You can specify the initial state of RNN layers numerically by calling reset_states with the keyword argument states. The value of states should be a numpy array or list of numpy arrays representing the initial state of the RNN layer.
Since the LSTM layer has two states (hidden state and cell state) the value of initial_state and states is a list of two tensors.
Examples
Stateless LSTM
Input shape: (batch, timesteps, features) = (1, 10, 1)
Number of units in the LSTM layer = 8 (i.e. dimensionality of hidden and cell state)
import tensorflow as tf
import numpy as np
inputs = np.random.random([1, 10, 1]).astype(np.float32)
lstm = tf.keras.layers.LSTM(8)
c_0 = tf.convert_to_tensor(np.random.random([1, 8]).astype(np.float32))
h_0 = tf.convert_to_tensor(np.random.random([1, 8]).astype(np.float32))
outputs = lstm(inputs, initial_state=[h_0, c_0])
Stateful LSTM
Input shape: (batch, timesteps, features) = (1, 10, 1)
Number of units in the LSTM layer = 8 (i.e. dimensionality of hidden and cell state)
Note that for stateful lstm you need to specify also batch_size.
import tensorflow as tf
import numpy as np
from pprint import pprint
inputs = np.random.random([1, 10, 1]).astype(np.float32)
lstm = tf.keras.layers.LSTM(8, stateful=True, batch_size=(1, 10, 1))
c_0 = tf.convert_to_tensor(np.random.random([1, 8]).astype(np.float32))
h_0 = tf.convert_to_tensor(np.random.random([1, 8]).astype(np.float32))
outputs = lstm(inputs, initial_state=[h_0, c_0])
With a Stateful LSTM, the states are not reset at the end of each sequence and we can notice that the output of the layer correspond to the hidden state (i.e. lstm.states[0]) at the last timestep:
>>> pprint(outputs)
<tf.Tensor: id=821, shape=(1, 8), dtype=float32, numpy=
array([[ 0.07119043, 0.07012419, -0.06118739, -0.11008392, 0.00573938,
-0.05663438, 0.11196419, 0.02663924]], dtype=float32)>
>>>
>>> pprint(lstm.states)
[<tf.Variable 'lstm_1/Variable:0' shape=(1, 8) dtype=float32, numpy=
array([[ 0.07119043, 0.07012419, -0.06118739, -0.11008392, 0.00573938,
-0.05663438, 0.11196419, 0.02663924]], dtype=float32)>,
<tf.Variable 'lstm_1/Variable:0' shape=(1, 8) dtype=float32, numpy=
array([[ 0.14726108, 0.13584498, -0.12986949, -0.22309153, 0.0125412 ,
-0.11446435, 0.22290672, 0.05397629]], dtype=float32)>]

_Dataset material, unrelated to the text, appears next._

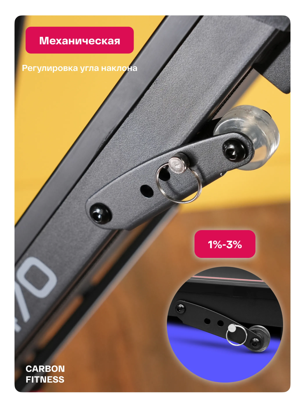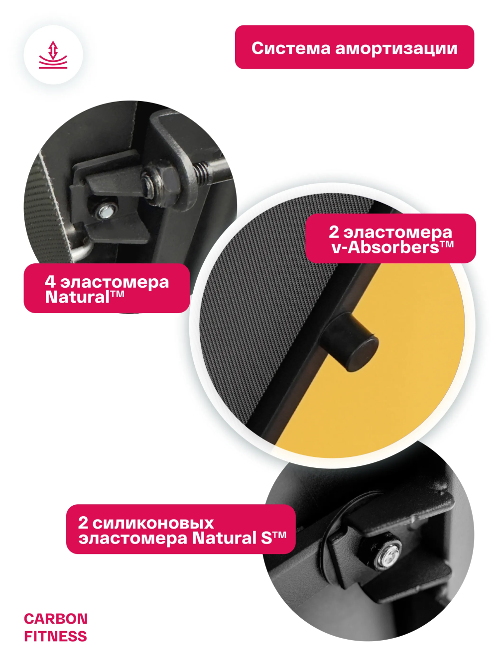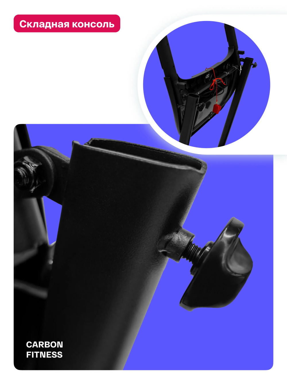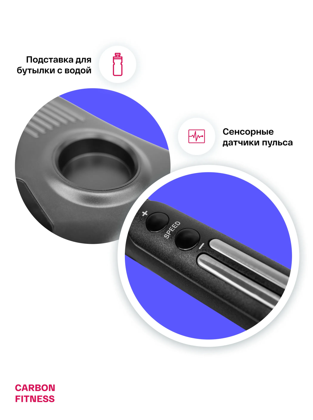 Беговая дорожка домашняя CARBON FITNESS T470 0 отзывов 33990р. Производитель: CARBON Наличие: Есть в наличии Модель: T470 Одежда Обувь Как выбрать одежду своего размера? Купить Купить в один клик Скидки постоянным клиентам! Гарантия качества всех товаров магазина! Описание Отзывов (0) Особенности:Механическая регулировка наклона (3 уровня)РАЗМЕРЫ БЕГОВОГО ПОЛОТНА 110Х40 СМУдобная складная конструкцияСистема амортизацииСпециальный отсек для смазки бегового полотнаСистема складывания soft DropТолщина бегового полотна 1,6 ммШирокие Боковые направляющие для старта и окончания тренировкиЛёгкий способ складывания консольной частиКомфортное измерение пульса во время тренировкиТранспортировочные роликиПодставка под смартфонПодставка под бутылку с водойКлюч безопасности БрендCarbon FitnessАртикулT470Назначение домашнееТип тренажера электрическая беговая дорожкаДвигатель1.75 л.с. DC Leeson Electric Corporation (бесщеточный)Пиковая мощность двигателя, л.с.3.0 DCСкорость, км/ч1-14Максимальный вес пользователя 110Беговое полотно1.6 мм, антискользящееДлина бегового полотна, см112Ширина бегового полотна, см40Регулировка угла наклона ручнаяКоличество уровней наклона3Материал декиМДФ, парафинированнаяТолщина деки12 ммСистема амортизации2 плоских силиконовых эластомеров Natural S™, 4 плоских эластомера Natural™, 2 эластомера v-Absorbers™Измерение пульсаестьКонсоль LEDТип консоли LED дисплей с красной индикациейПоказания консоливремя, скорость, дистанция, калории, жироанализатор, программаОбщее количество программ17Спецификация программбыстрый старт, 12 предустановленных, 3 целевые (время, дистанция, калории), жироанализаторМультимедиаколонки BluetoothИнтеграционные технологииBluetooth для работы с тренировочным мобильным приложением (Spax™, Kinomap™)Язык интерфейсарусский, английскийСкладная конструкция ДаПодставка под планшет/смартфонДаТранспортировочные роликиДаКомпенсаторы неровностей полаДаДополнительные функциисенсорные датчики на поручнях, возможность подключения кардиодатчика Bluetooth через фитнес-приложенияДополнительные особенности тренажеракнопки управления на поручнях, ключ безопасности, система легкой смазки бегового полотна (автосмазка)Длина в рабочем состоянии, см145.3Ширина в рабочем состоянии, см61.7Высота в рабочем состоянии, см111Вес нетто, кг32Вес брутто, кг37Подключение к сети220 ВПроизводительFitathlon Group (подразделение в Германии)Страна изготовленияКНР Беговая дорожка CARBON FITNESS T470 - это высококачественное оборудование, созданное для эффективных и комфортных тренировок в домашних условиях. Сочетая в себе передовые технологии, продуманный дизайн и широкий функционал, эта модель станет надежным помощником на пути к достижению ваших фитнес-целей. CARBON FITNESS T470 оснащена бесщеточным двигателем мощностью 1,75 л.с. с пиковым показателем 3 л.с., обеспечивая плавный разгон скорости от 1 до 14 км/ч. Беговое полотно размером 110x40 см с толщиной 1,6 мм и парафинированной декой из МДФ толщиной 12 мм гарантирует комфорт и безопасность во время тренировок. Система амортизации с 2 плоскими силиконовыми эластомерами Natural S™, 4 плоскими эластомерами Natural™ и 2 эластомерами v-Absorbers™ смягчает нагрузку на суставы. Консоль дорожки оснащена тремя LED-дисплеями с красной индикацией, отображающими ключевые параметры тренировки: время, скорость, дистанцию, калории, жироанализатор. Интерфейс поддерживает русски

Calling reset_states() it is possible to reset the states:
>>> lstm.reset_states()
>>> pprint(lstm.states)
[<tf.Variable 'lstm_1/Variable:0' shape=(1, 8) dtype=float32, numpy=array([[0., 0., 0., 0., 0., 0., 0., 0.]], dtype=float32)>,
<tf.Variable 'lstm_1/Variable:0' shape=(1, 8) dtype=float32, numpy=array([[0., 0., 0., 0., 0., 0., 0., 0.]], dtype=float32)>]
>>>
or to set them to a specific value:
>>> lstm.reset_states(states=[h_0, c_0])
>>> pprint(lstm.states)
[<tf.Variable 'lstm_1/Variable:0' shape=(1, 8) dtype=float32, numpy=
array([[0.59103394, 0.68249655, 0.04518601, 0.7800545 , 0.3799634 ,
0.27347744, 0.54415804, 0.9889024 ]], dtype=float32)>,
<tf.Variable 'lstm_1/Variable:0' shape=(1, 8) dtype=float32, numpy=
array([[0.43390197, 0.28252542, 0.27139077, 0.19655049, 0.7568088 ,
0.05909375, 0.68569875, 0.19087408]], dtype=float32)>]
>>>
>>> pprint(h_0)
<tf.Tensor: id=422, shape=(1, 8), dtype=float32, numpy=
array([[0.59103394, 0.68249655, 0.04518601, 0.7800545 , 0.3799634 ,
0.27347744, 0.54415804, 0.9889024 ]], dtype=float32)>
>>>
>>> pprint(c_0)
<tf.Tensor: id=421, shape=(1, 8), dtype=float32, numpy=
array([[0.43390197, 0.28252542, 0.27139077, 0.19655049, 0.7568088 ,
0.05909375, 0.68569875, 0.19087408]], dtype=float32)>
>>>
I used this approach, totally worked out for me:
lstm_cell = LSTM(cell_num, return_state=True)
output, h, c = lstm_cell(input, initial_state=[h_prev, c_prev])
Assuming an RNN is in layer 1 and hidden/cell states are numpy arrays. You can do this:
from keras import backend as K
K.set_value(model.layers[1].states[0], hidden_states)
K.set_value(model.layers[1].states[1], cell_states)
States can also be set using
model.layers[1].states[0] = hidden_states
model.layers[1].states[1] = cell_states
but when I did it this way my state values stayed constant even after stepping the RNN.